I have been using os.walk() method in Python to make a list of the paths to all the folders and subfolders where a specific file can be found.

I was tired of using a bunch of loops and elifs, and packed it all into a (quite messy) list comprehension that does excacly what I want:

import os    
directory = "C:\\Users\\User\\Documents"
file_name = "example_file.txt"    
list_of_paths = [path for path in (os_tuple[0] for os_tuple in os.walk(directory) if file_name in (item.lower() for item in os_tuple[2]))]

I have two questions. The first, and most important, is: Is there a more efficiant way to do this? I often expect to find several hundred files in just as many folders, and if it's on a server it can take several minutes.

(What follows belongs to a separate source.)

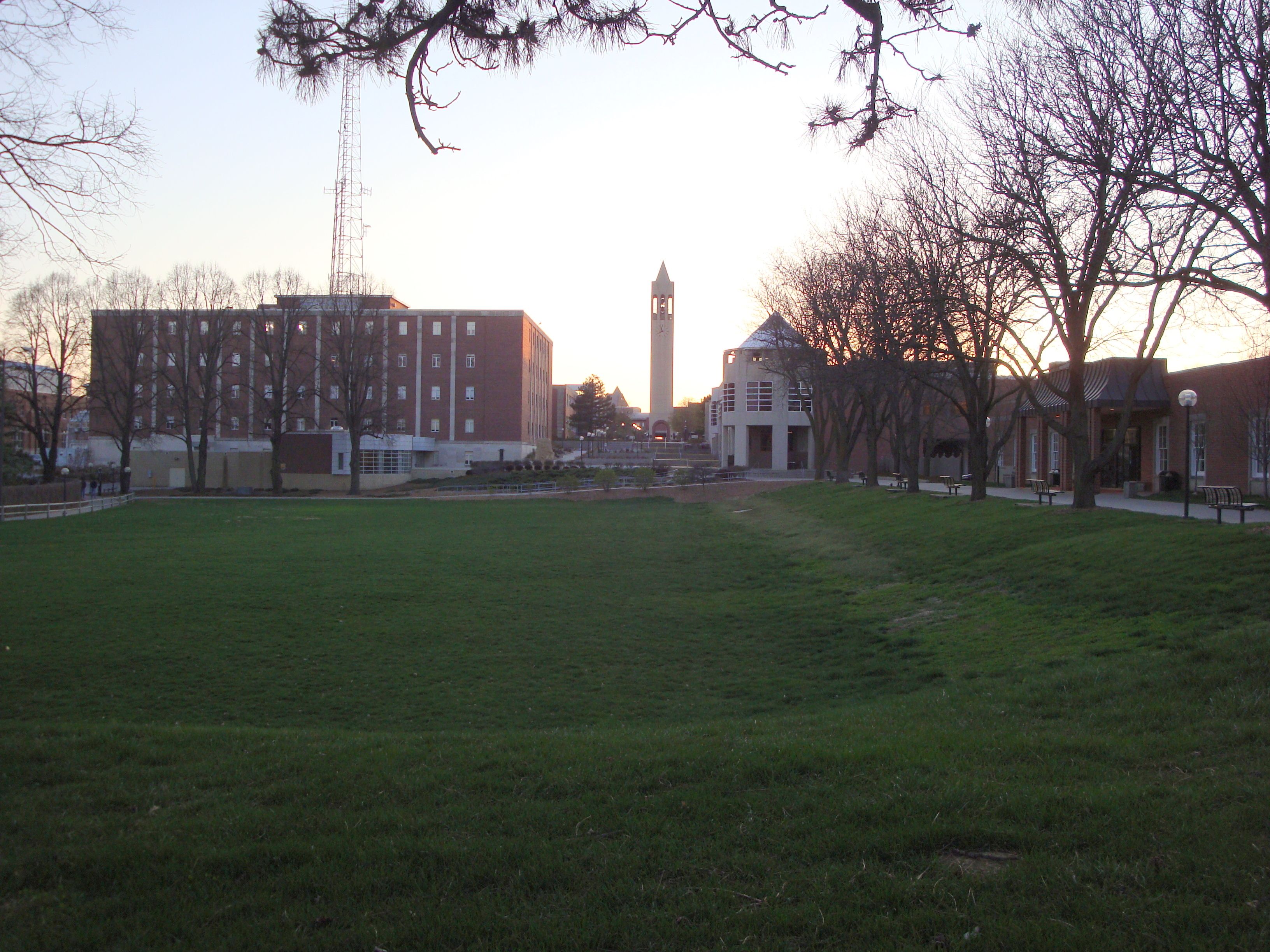 University of Nebraska-Omaha campus

The second question is: How can I make it more readable? Having two generator comprehensions inside a list comprehension feels pretty messy.

Update: I was told to use Glob, so naturally I had to try it. It seems to work just as well as my list comprehension with os.walk(). My next step will therefore be to test the two versions on a couple of different files and folders.

import glob
directory = "C:\\Users\\User\\Documents"
file_name = "example_file.txt"
list_of_paths = [path.lower().replace(("\\" + file_name), "") for path in (glob.glob(directory + "/**/*" + file_name, recursive=True))]

Any additional comments are very welcome.

Update 2: After testing both methods, the results I'm getting suggests that the os.walk() method is about twice as fast as the glob.glob() method. The test was performed on about 400 folders with a total of 326 copies of the file I was looking for.

Kontorstol
  • 63
  • 6

0 Answers0